Agents and Workforces

What it is

The Agent custom resource is a framework-agnostic contract for deploying an AI agent workload on Kubernetes. It declares what the agent does (via description, instruction, and model), how it is packaged (via framework or image), and what it can reach (tools and sub-agents). The operator translates that contract into a Deployment and Service, abstracting away the container plumbing.

The AgenticWorkforce resource groups one or more Agent resources under a named entry point. It adds a layer of organisational metadata (name, description, owner, tags) and drives automatic discovery of all transitive agents and tools reachable from those entry points.

Why it exists

Before the Agent CRD, deploying an AI agent meant writing bespoke Kubernetes manifests that hard-coded framework-specific environment variables, port conventions, and health-probe paths. Each team solved the same boilerplate differently, making cross-team sharing and operator-managed upgrades impractical.

The Agent CRD captures the stable parts of that contract — framework, protocols, tools, sub-agents — while the operator manages the volatile parts (image resolution, probe configuration, environment variable marshalling). This lets teams describe what an agent is without caring which template image version implements it.

AgenticWorkforce was introduced to answer a common operational question: "what agents and tools are actually running in my system right now?" Without it, that answer required manually tracing sub-agent references across multiple YAML files. The workforce resource makes discovery automatic and surfaced in status.

How it fits

Each Agent sits inside the Agent Runtime Operator's reconciliation loop. The operator watches Agent resources cluster-wide, creates the underlying workload resources, and updates status.url when an A2A protocol is configured.
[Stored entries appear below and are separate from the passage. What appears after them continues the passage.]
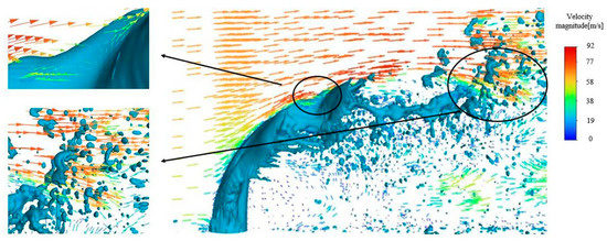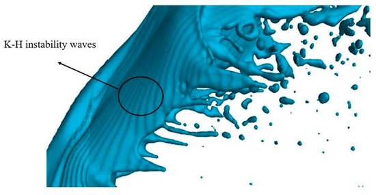 Figure 14 depicts a vector graph of the jet surface velocity under steady conditions at t = 0.75 ms. The presence of surface wave structures on the jet’s surface can be attributed to the pressure difference before and after the jet, resulting in the occurrence of Rayleigh–Taylor instability and the formation of Rayleigh–Taylor unstable waves [24]. The incoming gas stagnates and separates at the surface wave, giving rise to vortices at the trough of the wave. This enhances the interaction between the gas and the liquid. While a portion of the gas continues to propagate along the jet surface, the vortices at the trough of the wave exert a dominant influence on the jet, leading to its breakup at the trough of the surface wave. Subsequently, under aerodynamic forces, the jet further disintegrates into smaller droplets.
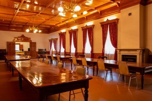 1階の中央部から右手にある大きな部屋は「大食堂」だったところ。当時のままのテーブルが並び、落ち着いた雰囲気が感じられます。現在は休憩スペースになっていて、明治時代の雰囲気を楽しみながら、椅子に座って休むことができます。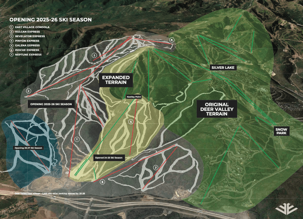 Entre ellos destaca el East Village Express, una moderna góndola para diez pasajeros que conecta el nuevo portal de Deer Valley East Village con Park Peak, abriendo un acceso completamente renovado a la montaña. Este nuevo punto de entrada, diseñado con la elegancia característica del resort, incorpora 1,200 espacios de estacionamiento para esquiadores de día y forma parte de una reconfiguración integral que también contempla la transformación del histórico Snow Park base area.
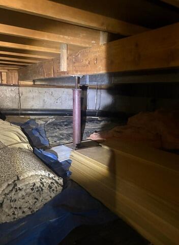 A full crawl space encapsulation system was installed and carefully sealed around footings, piers, and along the foundation walls to keep moisture out. During the installation, the existing adjustable support jacks were temporarily removed so the liner could be properly placed. Once complete, the jacks were reinstalled on top of the liner and tightened to stabilize the support beam. The bottoms of the piers were also wrapped for added protection.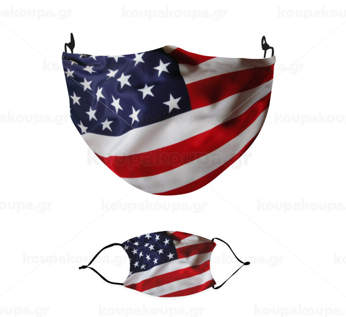 USA Flag, Μάσκα υφασμάτινη παιδική πολλαπλών στρώσεων με υποδοχή φίλτρου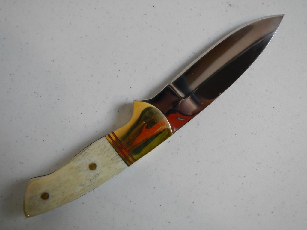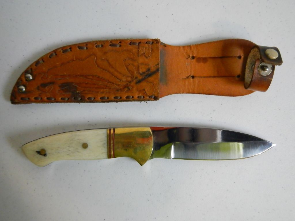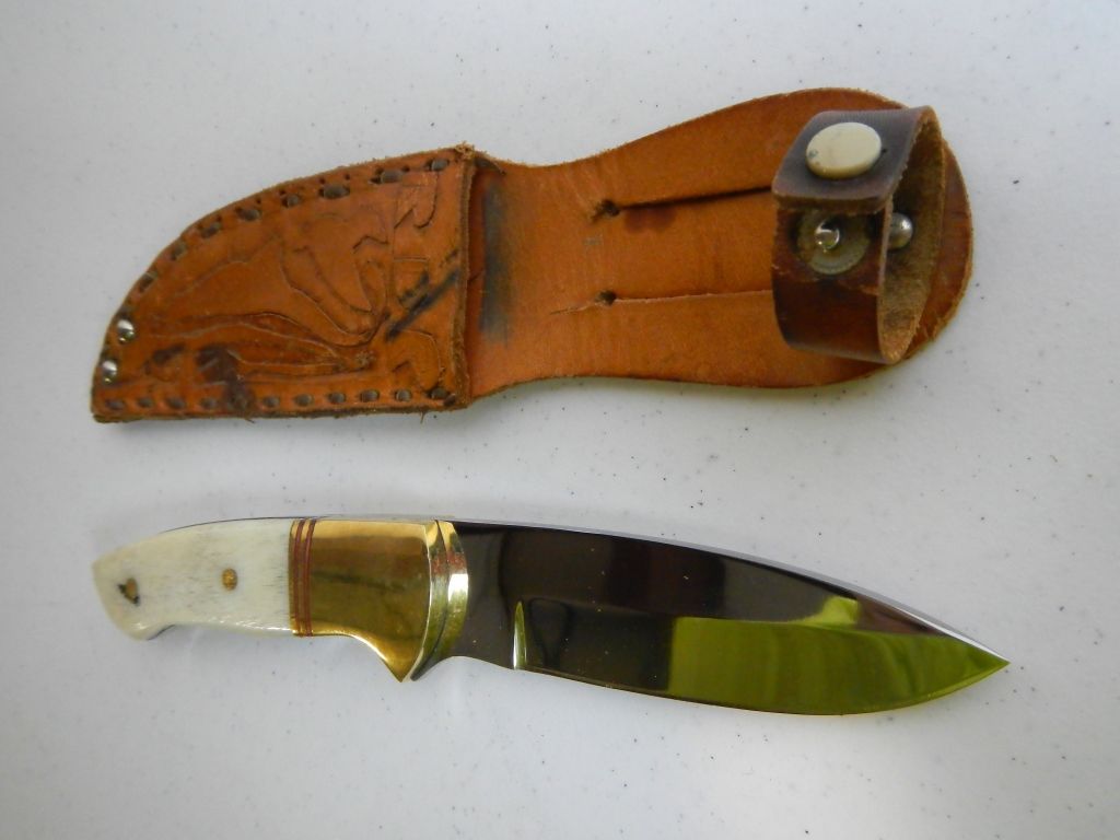 Custom Fixed Blade Knife Custom Fixed Blade Knife with Antler Handle and Leather holder. This Knife is in Excellent Condition.

Tools are reached via ToolServer (in-cluster) or ToolRoute (via a tool gateway). Sub-agents are reached via in-cluster Agent references (resolved to cluster-local URLs by the operator) or by direct remote URLs.

AgenticWorkforce references Agent resources by name and namespace. The operator crawls the sub-agent graph at reconcile time and writes the discovered set into status.transitiveAgents and status.transitiveTools. No runtime traffic passes through the workforce resource itself — it is purely an observability and grouping construct.

Trade-offs and alternatives

Template vs custom image

Template-based agents (spec.framework without spec.image) let the operator manage the container image. The operator resolves the image from its built-in registry, keyed by framework. This means zero image-management overhead: a template agent picks up the latest tested image on upgrade. The trade-off is that you cannot add custom Python dependencies or specialised runtime behaviour.

Custom-image agents (spec.image set explicitly) give you full control over the runtime. You own the image build and the upgrade cycle. Choose this path when you have dependencies that the template image cannot provide, when you are migrating existing agent code, or when you need runtime behaviour the template does not support.

Both modes share the same spec.tools, spec.subAgents, spec.protocols, and spec.env contracts, so you can switch between them by adding or removing spec.image without restructuring the rest of the spec.

AgenticWorkforce vs individual Agents

Individual Agent resources are self-contained and need no workforce. Use AgenticWorkforce when you want a named, ownable unit that groups several entry points, when you need automatic transitive discovery for auditing or documentation, or when you want to organise agents by business domain with tags.